Toward a Reliability-First AI Engineering Mindset
So how can we build AI agents that truly work in the real world? Kapoor emphasizes this is primarily a system design and reliability engineering challenge, not just a modeling problem. AI engineers need to develop software abstractions and optimizations that account for the inherent stochasticity of language models.
Drawing a parallel from history, Kapoor describes the birth of computing with the 1946 ENIAC computer, which used over 17,000 vacuum tubes that frequently failed. The engineers’ primary job was to fix reliability issues to make the computer usable, reducing downtime and errors.
This historical lesson is a powerful metaphor: AI engineers today must focus on fixing reliability issues in AI agents to make them stable and dependable for end users. The goal is not only to create excellent products but to ensure they work consistently, safely, and predictably.
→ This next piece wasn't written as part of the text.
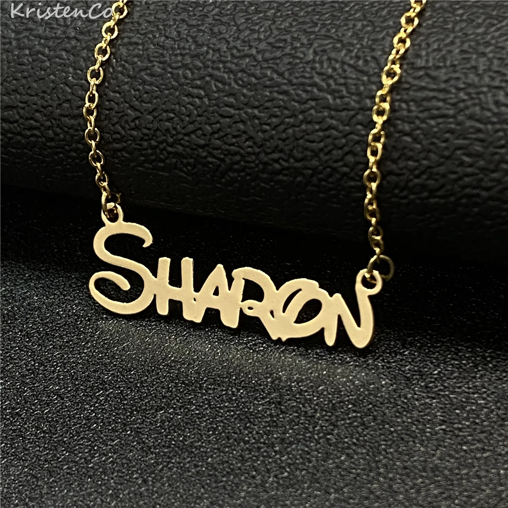 Ожерелье с именем KristenCo на заказ, персонализированное ожерелье из нержавеющей стали с курсивом, именная табличка, ювелирные изделия с индивидуальным именем для женщин, ювелирные изделия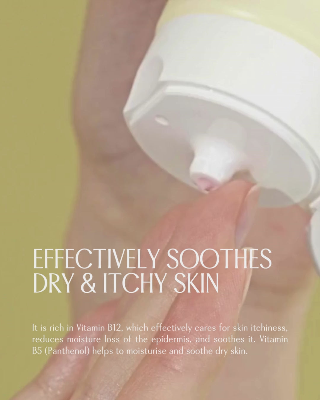 The cream contains Vitamin B5, also known as panthenol, which helps moisturize the skin, and a red-coloured water-soluble form of Vitamin B12 called cyanocobalamin, which effectively soothes skin itching.

Adopting this reliability-first mindset is essential for the next wave of computing and the future of AI in recruiting and beyond.
Conclusion: Key Takeaways for AI Engineers and Product Builders
To summarize, Kapoor’s insights provide a clear roadmap for improving AI agents and their evaluation:
- Rigorous, multidimensional evaluation is essential: We must move beyond static benchmarks and include cost, accuracy, and domain-specific metrics to get a true picture of agent performance.
- Beware of hype and false claims: Real-world testing and peer-reviewed evaluation are crucial to avoid overestimating an agent’s capabilities.
- Focus on reliability, not just capability: Consistent, dependable performance matters more than occasional brilliance, especially in high-stakes applications.
- Adopt a reliability engineering mindset: AI engineering should prioritize system design that accounts for the stochastic nature of language models and builds robust, fault-tolerant systems.
By embracing these principles, AI engineers can build agents that deliver on their promises and genuinely enhance workflows in recruiting and many other fields.
As AI continues to evolve, the path to effective, trustworthy agents depends not only on advances in language modeling but also on how well we engineer for real-world complexity, cost, and reliability.